Ich denke, es ist einer, an dem etwas funktioniert hat, etwas getan wurde, was geistig weiterbringt - etwas geschehen ist, was nicht unbedingt fertig ist, aber Neugier und Begeisterung weckt - so dass der Tag gar nicht vorbei gehen soll, dementsprechend spät wird sich gebettet und beim Warten auf den Schlaf kommt nicht der Gedanke: "Komm doch Schlaf, erlöse mich vom Erlebten." sondern "Ich kann es kaum erwarten aufzustehen." und dann beim Aufwachen: "Endlich wach, schnell raus aus dem Bett und weiter, weiter, weiter." - tja, diese Tage kann ich für mich an den Fingern einer meiner Babyhände abzählen. Und voll Scham bemerke ich, wenn ich diese Tagesfinger zähle, dass die Hälfte davon etwas mit Produktkonsum zu tun hatte, also ich mich freute, etwas zu erwerben, Kleidung, Instrument, Möbelei von irgendwo zu holen mit einem Auto über leere Straßen unter sonnigem Himmel fegend oder auf den Zusteller wartete, der mich in andere Zustände versetzte bei der Paketübergabe.
Und immer das selbe Prinzip eingeredet, dass das erworbene Fortschritt bringt, nach außen meine Profession, meine Professionalität deutlich macht. Doch mit jedem Erwerb wurde es innen leerer, entstand mehr Platz für die Gedanken, die unguten, die zweifelnden, die schmutzige Schiebetür - von der ich jetzt denke: "Was nützt der Glasreiniger?" Ich bräuchte eine Leiter (verhallte Stimme des Inneren Hausmeisters: Irgendwo muss hier doch sowas rumstehen.), um den Sensor, der oben in der Mitte des Türrahmens ist, zu zerstören mit dem professionellen Mulittool, dass ich ständig mit mir herumschleppe.
Ich würde nicht mal eines der enthaltenen Werkzeug ausklappen, sondern direkt mit dem kleinen Stahlding auf den Sensor einschlagen, bis seine Plastikhülle zerbrochen ist und er seine rotweißen Kabel- und grünen Platineninnerein preisgeben würde, die ich dann weiter zerschlage und zerreiße, bis nichts mehr übrig wäre. In meiner Raserei habe ich nicht bemerkt, dass zum Zeitpunkt der Sensorzerstörung die Türflügel geschlossen waren, sodass ich schwer atmend und leise fluchend von der Leiter herunter steige und mit Hilfe des Messerwerkeugs am Multitool die Flügel an der Gummilippe auseinander hebele und unter Ächzen auseinanderschiebe, bis sie rechts und Links in der Wand verschwinden.
An der einen Wand sehe ich auch das Bedienpanel, an dem man normalerweise die Betriebsarten der Schiebetür einstellen kann, also Sensor-Automatik oder Dauerauf, bzw. Dauerzu. Dafür braucht man aber einen Schlüssel, den ich nicht habe, da mein Vorgänger, der hier zuständig war, sein Schlüsselbund - also so ein richtiges Hausmeisterschlüsselbund mit ganz vielen Schlüsseln dran - für alle Türen, die Briefkästen, den Keller, aber auch dem Vierkant für den Sicherungskästen in der zweiten Etage und eben dem Schlüssel für die Schiebetür am Ausgang - verloren hat - dementsprechend Kündigung und Auslöschung und nun bin ich hier - zuständig fürs Ordnen der Gedanken und Durchkehren der Gänge in diesem Geist.

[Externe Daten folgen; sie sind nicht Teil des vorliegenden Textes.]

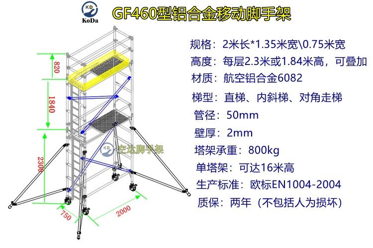 其次铝合金工程脚手架在建筑行业的作用和安全,铝合金的脚手架不仅能满足大量施工现场的工作需求同时还保证了建筑工程的质量,由于铝合金工程脚手架带有脚轮,可以移动,从而大大减少了工人门搬运脚手架的时间和力气.
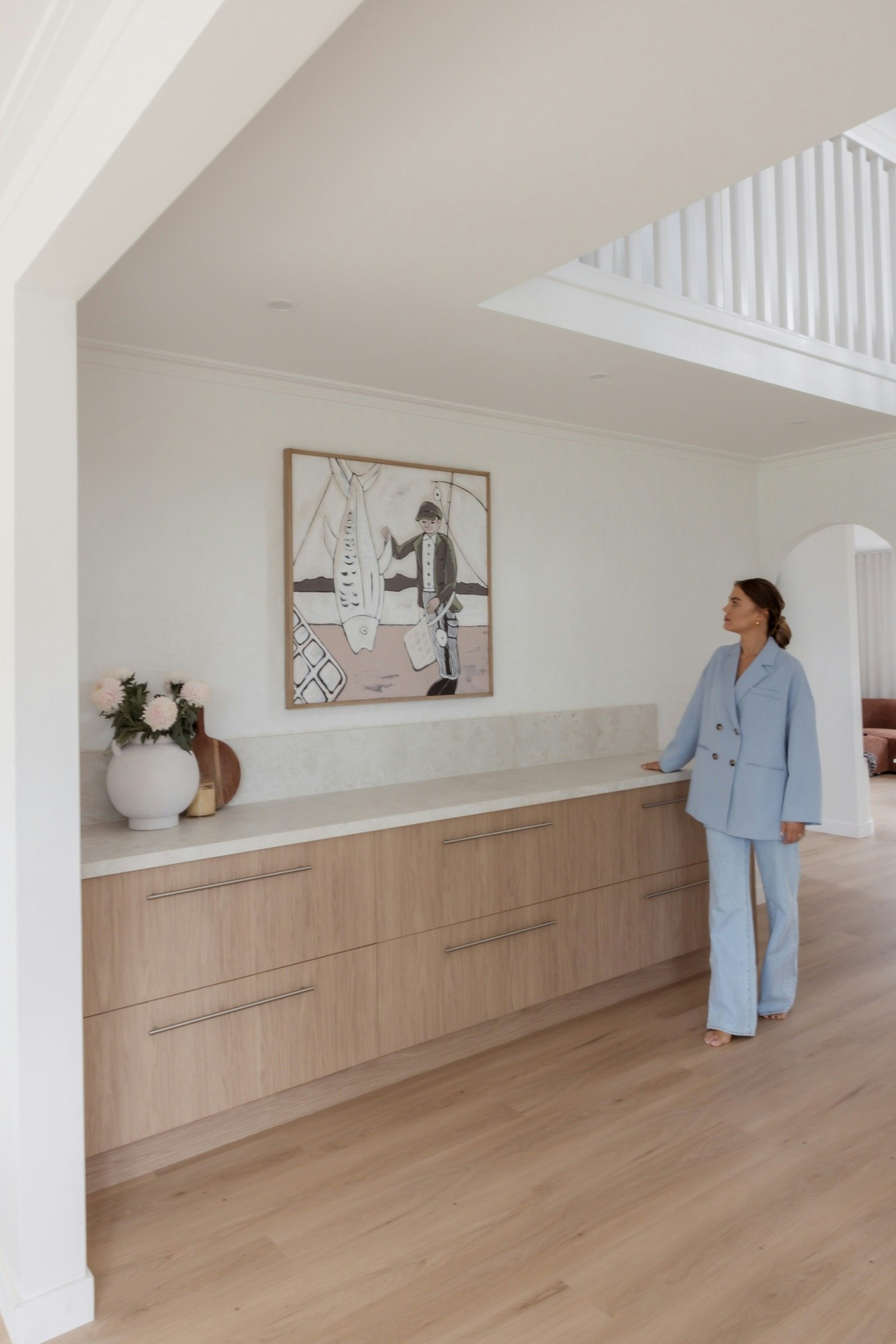 Located in Queensland, her home is a beautiful house with the kitchen area as the main feature, as she describes herself: “I love the double-height space that allows you to look towards the kitchen island, as well as the gorgeous arched niche where we’ve placed the bar and coffee station.” The model and her family are in the process of renovating their home, but the kitchen and laundry were no-brainers when it came to the surfaces they decided to install.

Und nachdem ich schwitzend das Problem mit der Schiebetür beseitigt habe, frage ich mich: War das ein guter Tag oder ein schlechter? - kKomme ich morgen stinkend zur Arbeit, weil es guter Schweiß war, der da aus meinem Körper trat, während ich die fettige Tür, die sich jeden Morgen so verheerend vor den Augen schließt, zerstört habe? Oder hätte es Glasreiniger doch getan?

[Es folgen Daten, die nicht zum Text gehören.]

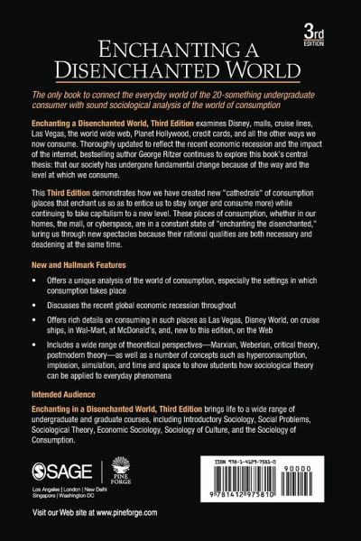 The only book to connect the everyday world of the 20-something undergraduate consumer with sound sociological analysis of the world of consumption Enchanting a Disenchanted World, Third Edition examines Disney, malls, cruise lines, Las Vegas, the world wide web, Planet Hollywood, credit cards, and all the other ways we now consume. Thoroughly updated to reflect the recent economic recession and the impact of the internet, bestselling author George Ritzer continues to explore this book's central thesis: that our society has undergone fundamental change because of the way and the level at which we consume. This Third Edition demonstrates how we have created new "cathedrals" of consumption (places that enchant us so as to entice us to stay longer and consume more) while continuing to take capitalism to a new level. These places of consumption, whether in our homes, the mall, or cyberspace, are in a constant state of "enchanting the disenchanted," luring us through new spectacles because their rational qualities are both necessary and deadening at the same time. New and Hallmark FeaturesOffers a unique analysis of the world of consumption, especially the settings in which consumption takes place Discusses the recent global economic recession throughout Offers rich details on consuming in such places as Las Vegas, Disney World, on cruise ships, in Wal-Mart, at McDonald's, and, new to this edition, on the Web Includes a wide range of theoretical perspectives-Marxian, Weberian, critical theory, postmodern theory-as well as a number of concepts such as hyperconsumption, implosion, simulation, and time and space to show students how sociological theory can be applied to everyday phenomena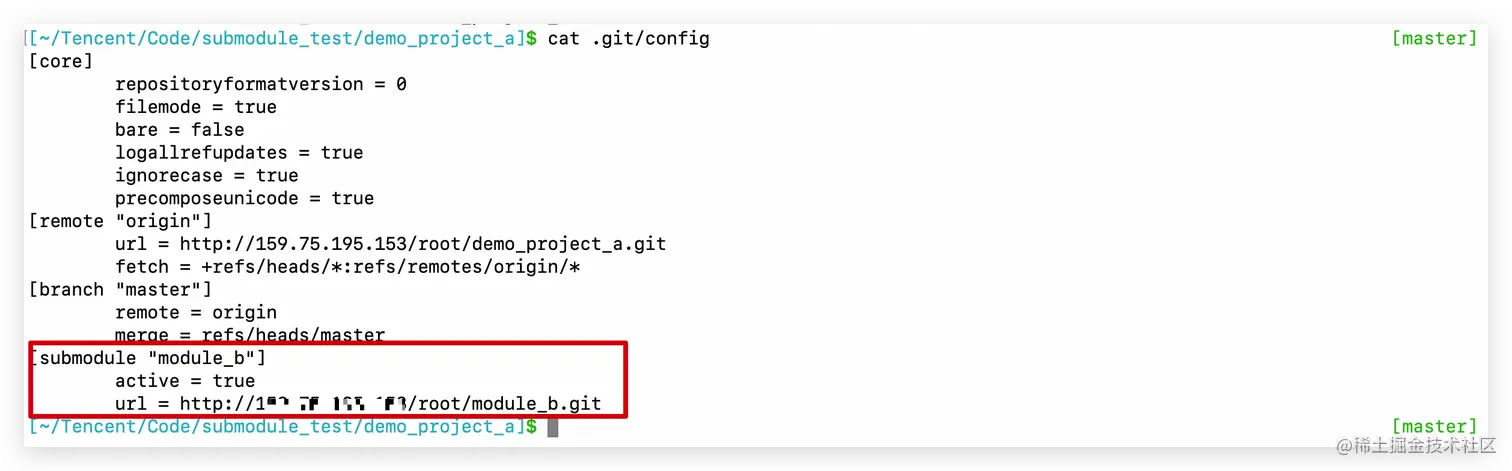 vim .git/config [submodule "module_b"] url = http://xxxxxxx/root/module_b.git -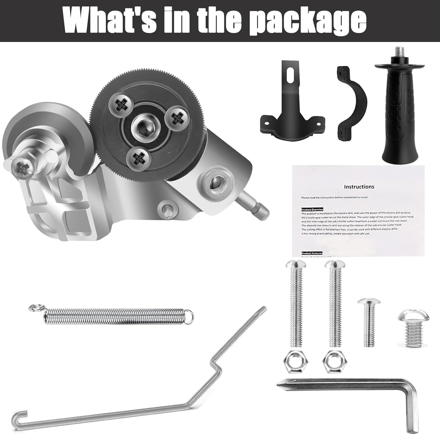 This sheet-metal cutter attaches easily to most standard electric drills, adding convenience and versatility to your existing toolkit.
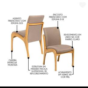 O Kit de Cadeiras Lisboa vai se tornar o protagonista no seu ambiente. Dispõe de um design atual, petindo montar diversas composições e agregar na decoração e conforto. Podem ser utilizadas em mesas de jantar, apoio extra na sala de estar, complementar ambientes ou onde você precisar. A Cadeira Lisboa é produzida com materiais de excelente qualidade, garantindo sua durabilidade e vida útil. CARACTERÍSTICAS TÉCNICAS: - Produzida em Madeira Maciça - Acabamento em Verniz na cor Mel - Assento Estofado Preenchido com Espuma D23 - Encosto Estofado Preenchido com Espuma D18 - Revestimento em Tecido Linho na cor Marrom Claro L87 - Cadeira Entregue Montada INFORMAÇÕES TÉCNICAS: Altura Total: 90 cm Altura Chão + Assento: 50 cm Altura Encosto: 44 cm Largura Total: 52 cm Largura Assento: 60 cm Profundidade Total: 60 cm Profundidade Assento: 56 cm Peso: 8 kg *Kit Composto por 4 Cadeiras Lisboa INFORMAÇÕES ADICIONAIS: Garantia para defeitos de fabricação conforme Código de Defesa do Consumidor. *Não nos responsabilizamos por subir ou içar o produto. **As imagens ambientadas são meramente ilustrativas e podem apresentar itens que não compõe o produto, as cores do produto podem variar de acordo com o monitor, a iluminação do ambiente ou sua percepção visual. ***Limpeza: Deve ser feita com pano macio e seco ou levemente umedecido com água e sabão neutro. Não devem ser utilizados abrasivos. Marca: Império das Banquetas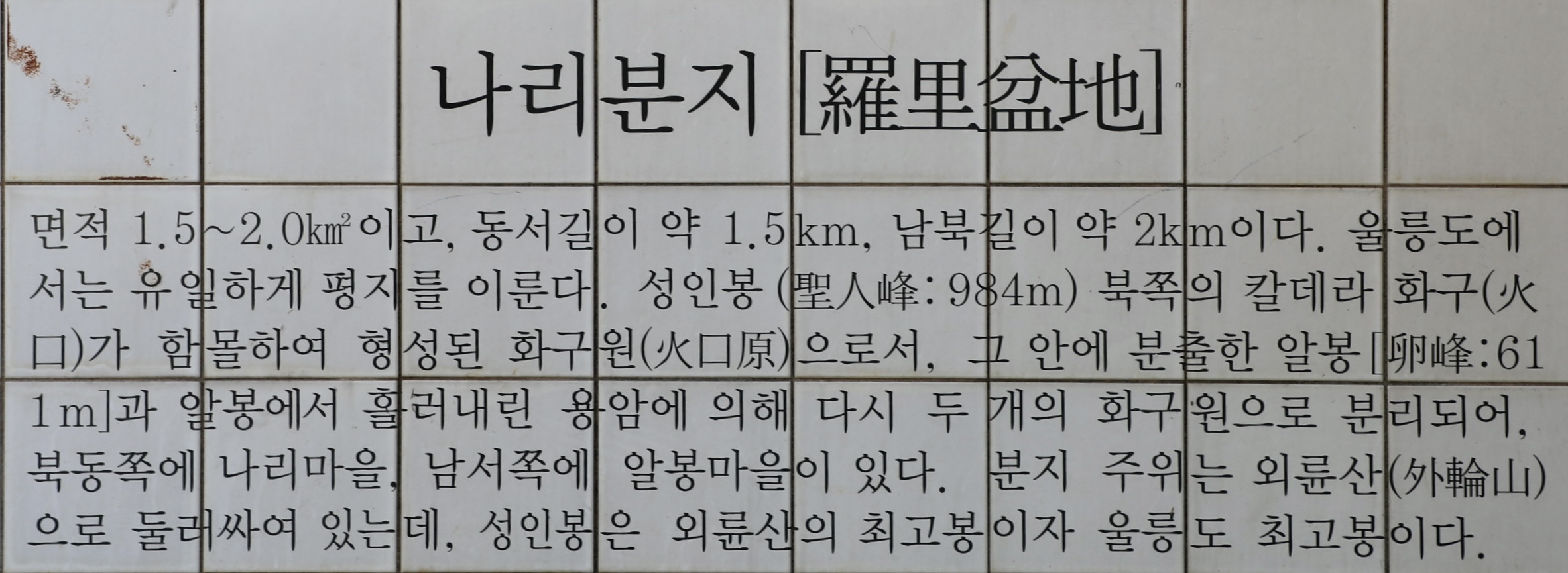 성인봉은 산정에 화구가 따로 없는 외륜산으로 북쪽에 3각형 모양의 거대한 칼데라인 나리분지가 있고,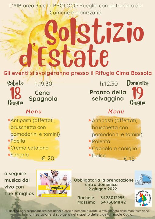 L'AIB area 35 e la Pro Loco, con il patrocinio del Comune, organizzano nel fine settimana del 18 e 19 giugno una grande festa per celebrare l'inizio dell'estate.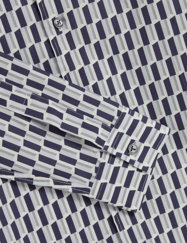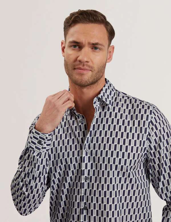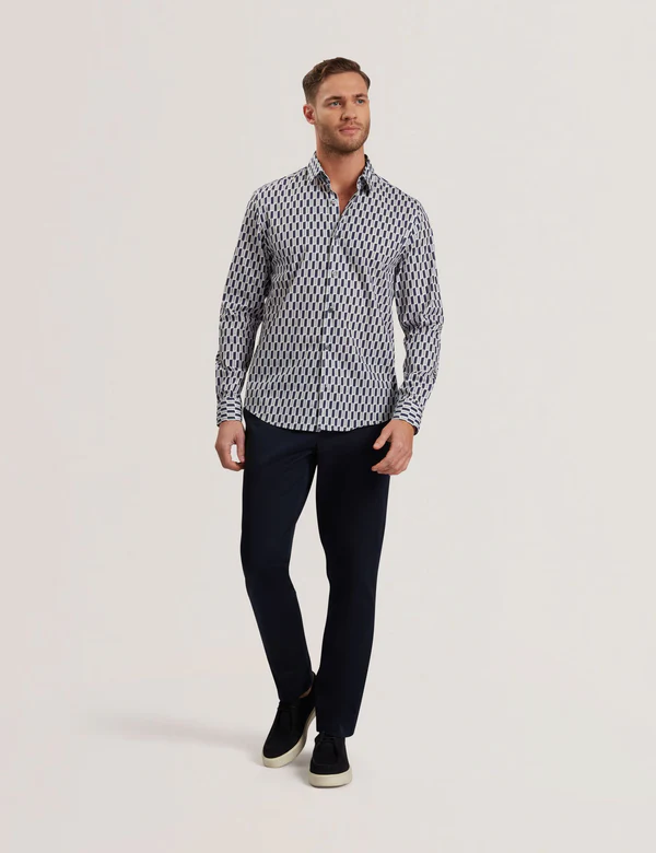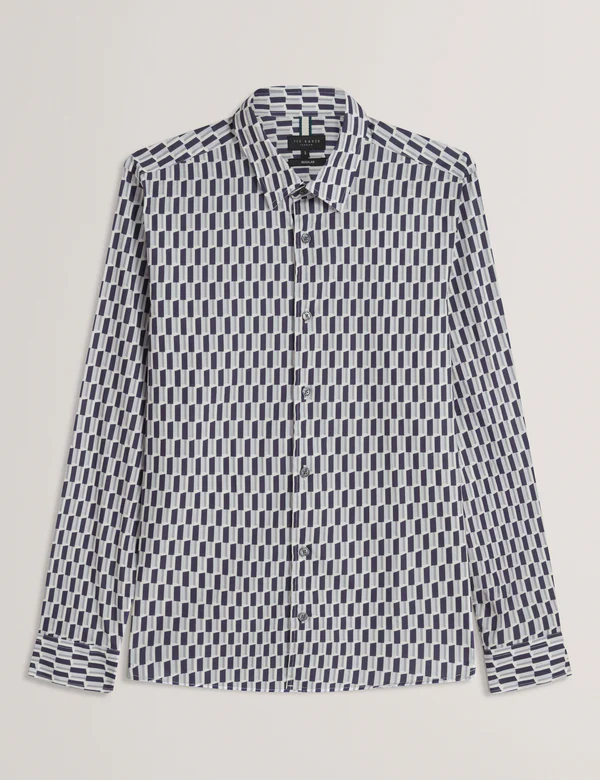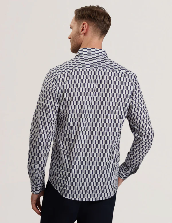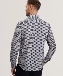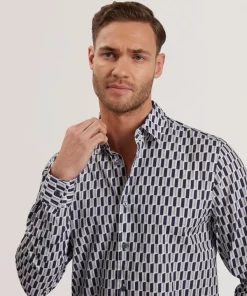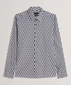 TED BAKER PEARSOGeometric Stripe Long Sleeve Cotton Shirt NAVY | Sale Men’s Sale Shirts

Man soll ja Wasser sparen und sowohl nicht Duschen, als auch durch die Zerstörung der Tür weniger verbrauchte Putzwasser geben mir ein gutes Gewissen.
TV
PS: Der Rest der glücklichen Tagesfinger an denen ein freudiges Aufstehen stattfand, waren jene, an denen ich Orte, wo ich einer Tätigkeit nachging und mit Menschen zu tun hatte, verließ. Hier auch wieder: die Fahrt über Straßen, zischend vorbei an Bäumen unter sonnigem Himmel. Erlösung in Bewegung.